- **Supplied data**:
━━━━━━━━

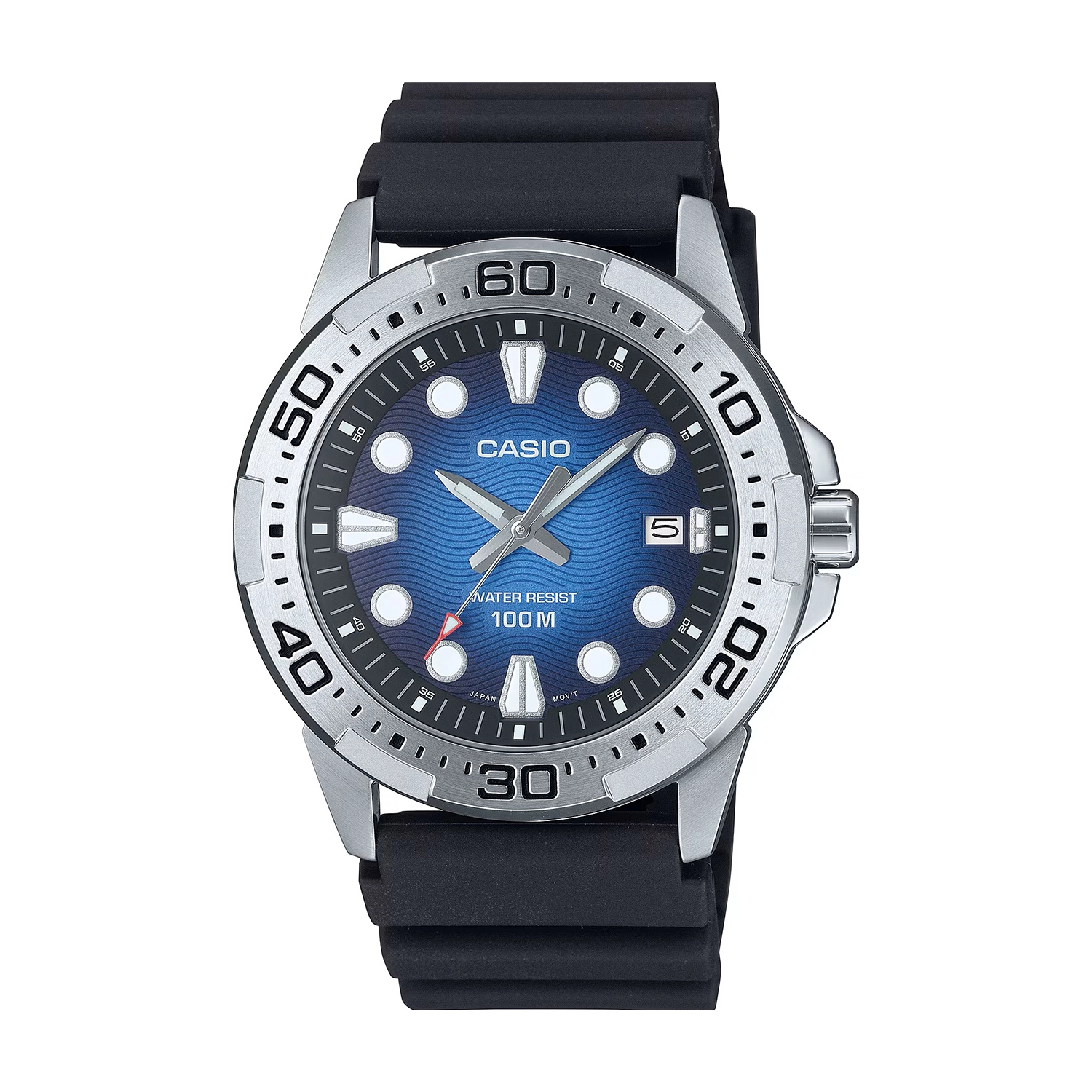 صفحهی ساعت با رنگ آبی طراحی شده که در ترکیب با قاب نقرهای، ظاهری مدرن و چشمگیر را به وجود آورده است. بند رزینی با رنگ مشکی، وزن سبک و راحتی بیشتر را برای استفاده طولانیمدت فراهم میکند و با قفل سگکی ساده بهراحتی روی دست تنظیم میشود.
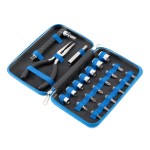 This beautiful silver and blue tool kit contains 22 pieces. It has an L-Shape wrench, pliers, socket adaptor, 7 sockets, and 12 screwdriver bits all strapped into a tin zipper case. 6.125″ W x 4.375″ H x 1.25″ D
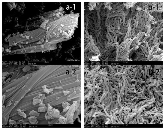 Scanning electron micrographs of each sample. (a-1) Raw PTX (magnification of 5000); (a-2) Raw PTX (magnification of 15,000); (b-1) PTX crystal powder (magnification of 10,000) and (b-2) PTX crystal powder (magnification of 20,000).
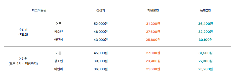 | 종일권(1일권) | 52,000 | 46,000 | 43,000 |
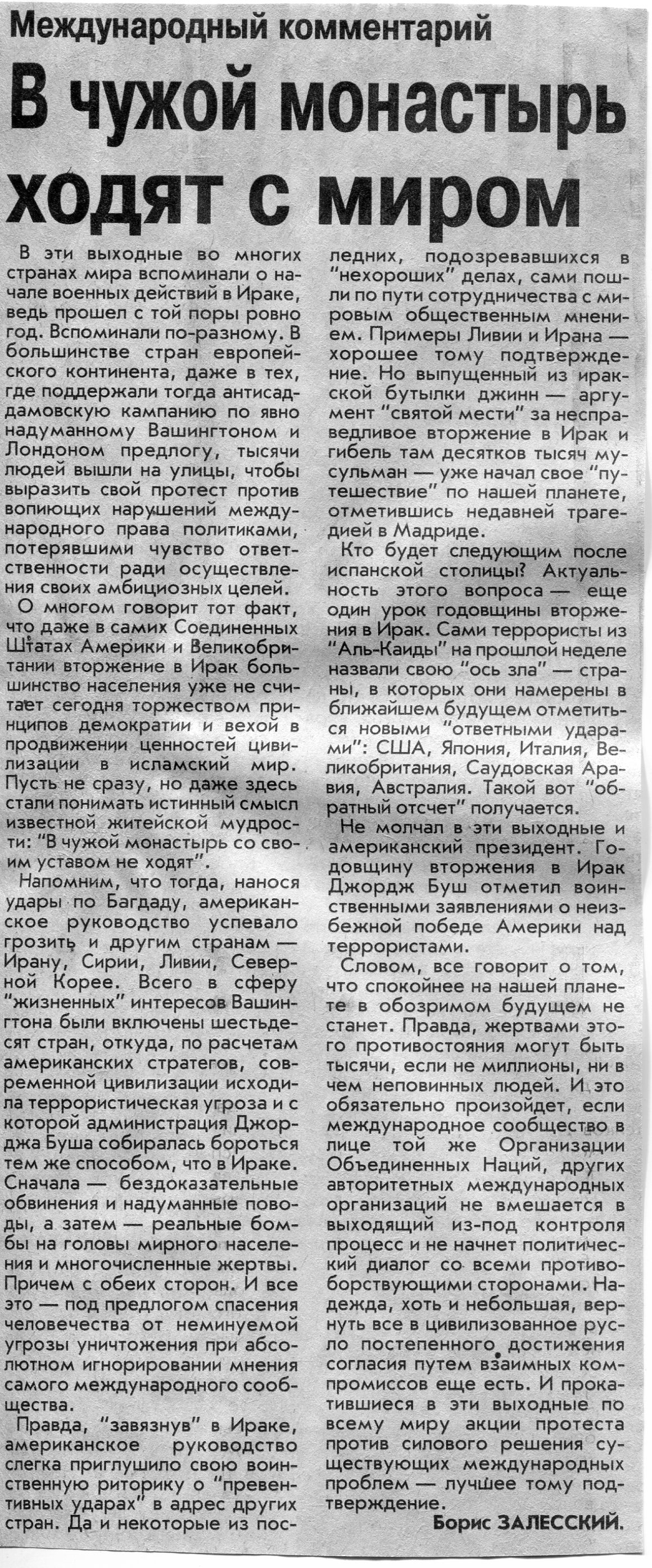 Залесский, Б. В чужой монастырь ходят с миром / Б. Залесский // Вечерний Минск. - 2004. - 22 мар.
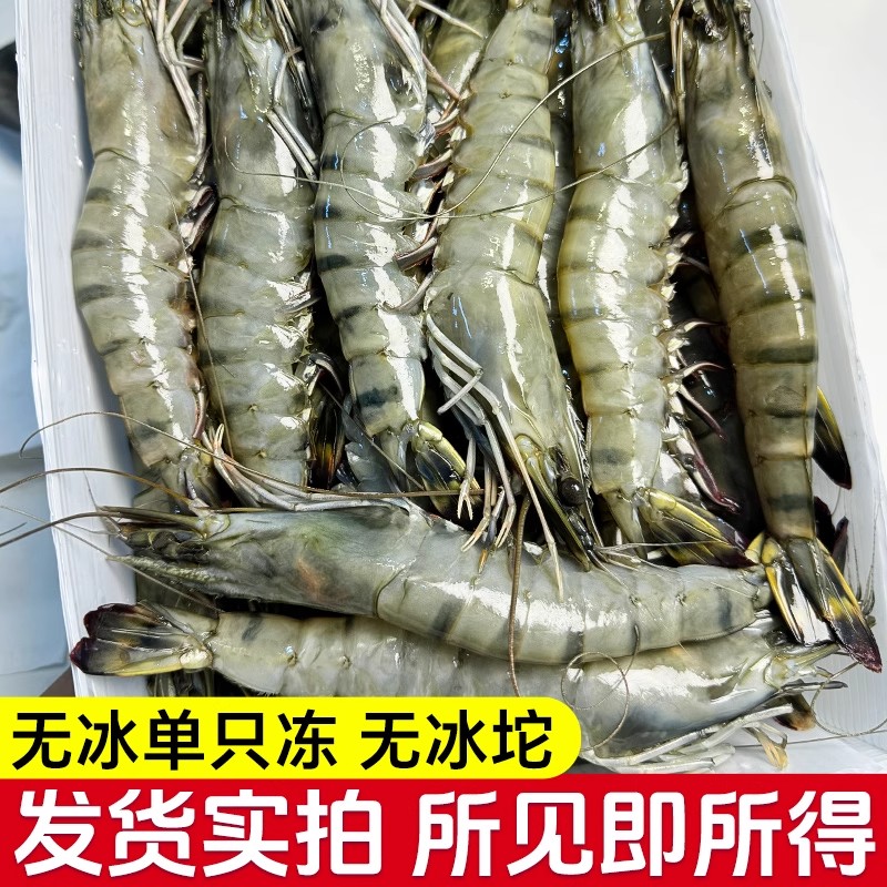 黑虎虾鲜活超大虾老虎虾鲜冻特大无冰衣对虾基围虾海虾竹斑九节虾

━━━━━━━━

- **About this exercise**: An exact reproduction of the lines from the line containing "Залесский, Б. В" through the end of the listing above is needed; pictures stay out.

- **Written reply**:
 Залесский, Б. В чужой монастырь ходят с миром / Б. Залесский // Вечерний Минск. - 2004. - 22 мар.
 黑虎虾鲜活超大虾老虎虾鲜冻特大无冰衣对虾基围虾海虾竹斑九节虾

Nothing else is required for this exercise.